Data items:
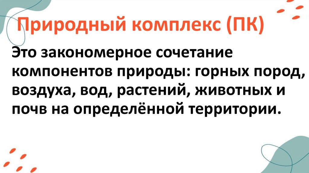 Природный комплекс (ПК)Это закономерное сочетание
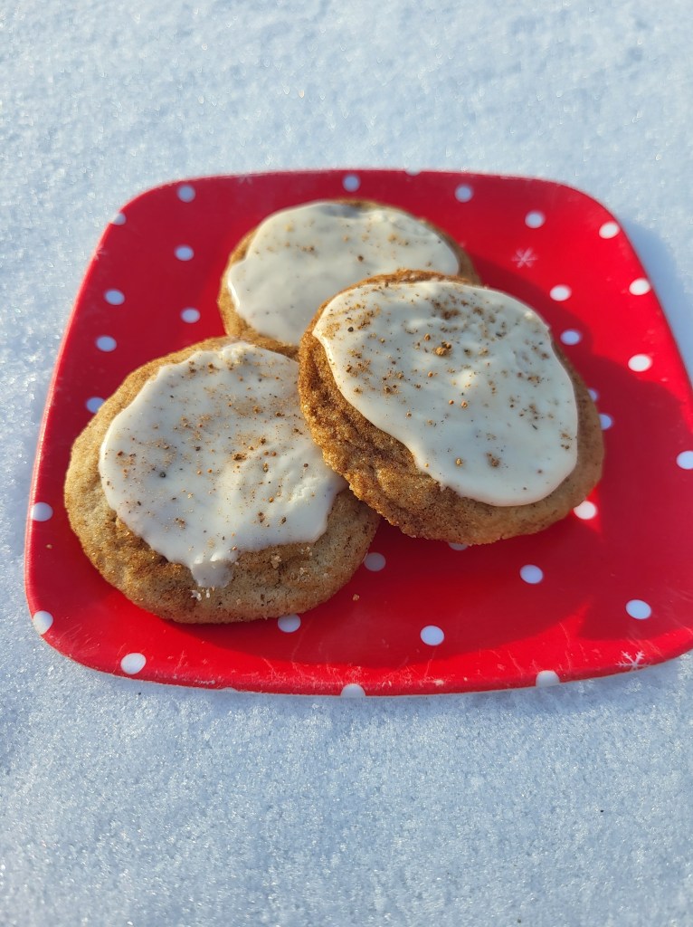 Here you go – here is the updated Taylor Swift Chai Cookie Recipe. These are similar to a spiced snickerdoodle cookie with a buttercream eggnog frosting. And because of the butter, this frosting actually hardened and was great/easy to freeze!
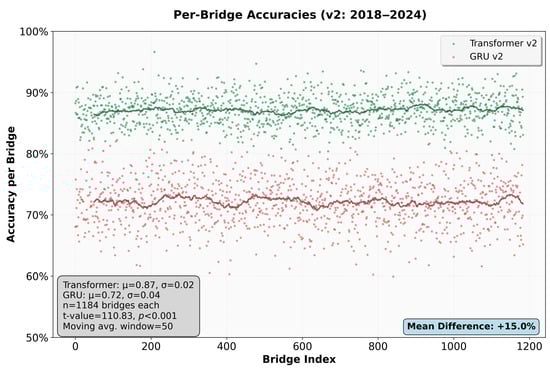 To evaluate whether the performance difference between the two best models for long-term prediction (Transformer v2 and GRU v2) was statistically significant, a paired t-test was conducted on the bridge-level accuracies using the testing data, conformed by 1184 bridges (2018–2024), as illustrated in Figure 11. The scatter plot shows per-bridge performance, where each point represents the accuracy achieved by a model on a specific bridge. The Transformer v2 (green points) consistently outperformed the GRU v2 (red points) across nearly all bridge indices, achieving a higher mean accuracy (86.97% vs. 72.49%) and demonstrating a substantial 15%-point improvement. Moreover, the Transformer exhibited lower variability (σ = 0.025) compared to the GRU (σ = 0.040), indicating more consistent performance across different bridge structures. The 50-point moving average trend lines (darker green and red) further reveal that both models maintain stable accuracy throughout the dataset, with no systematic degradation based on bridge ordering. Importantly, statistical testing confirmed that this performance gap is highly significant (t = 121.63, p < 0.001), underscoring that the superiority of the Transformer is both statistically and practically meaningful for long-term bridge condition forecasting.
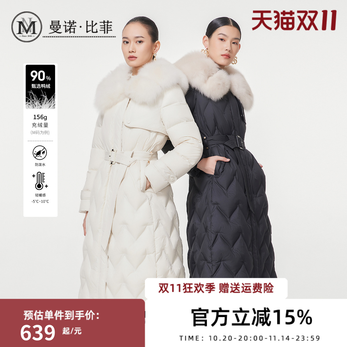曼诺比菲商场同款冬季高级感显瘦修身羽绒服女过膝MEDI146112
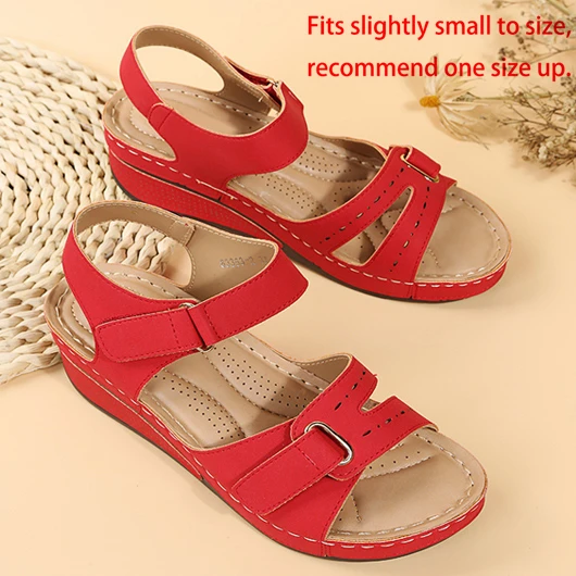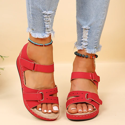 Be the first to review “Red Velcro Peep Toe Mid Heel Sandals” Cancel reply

> Task requirements: When you print the entries, keep every line exactly as it is and drop the pictures.

> Solution for this exercise:
 Природный комплекс (ПК)Это закономерное сочетание
 Here you go – here is the updated Taylor Swift Chai Cookie Recipe. These are similar to a spiced snickerdoodle cookie with a buttercream eggnog frosting. And because of the butter, this frosting actually hardened and was great/easy to freeze!
 To evaluate whether the performance difference between the two best models for long-term prediction (Transformer v2 and GRU v2) was statistically significant, a paired t-test was conducted on the bridge-level accuracies using the testing data, conformed by 1184 bridges (2018–2024), as illustrated in Figure 11. The scatter plot shows per-bridge performance, where each point represents the accuracy achieved by a model on a specific bridge. The Transformer v2 (green points) consistently outperformed the GRU v2 (red points) across nearly all bridge indices, achieving a higher mean accuracy (86.97% vs. 72.49%) and demonstrating a substantial 15%-point improvement. Moreover, the Transformer exhibited lower variability (σ = 0.025) compared to the GRU (σ = 0.040), indicating more consistent performance across different bridge structures. The 50-point moving average trend lines (darker green and red) further reveal that both models maintain stable accuracy throughout the dataset, with no systematic degradation based on bridge ordering. Importantly, statistical testing confirmed that this performance gap is highly significant (t = 121.63, p < 0.001), underscoring that the superiority of the Transformer is both statistically and practically meaningful for long-term bridge condition forecasting.
曼诺比菲商场同款冬季高级感显瘦修身羽绒服女过膝MEDI146112
 Be the first to review “Red Velcro Peep Toe Mid Heel Sandals” Cancel reply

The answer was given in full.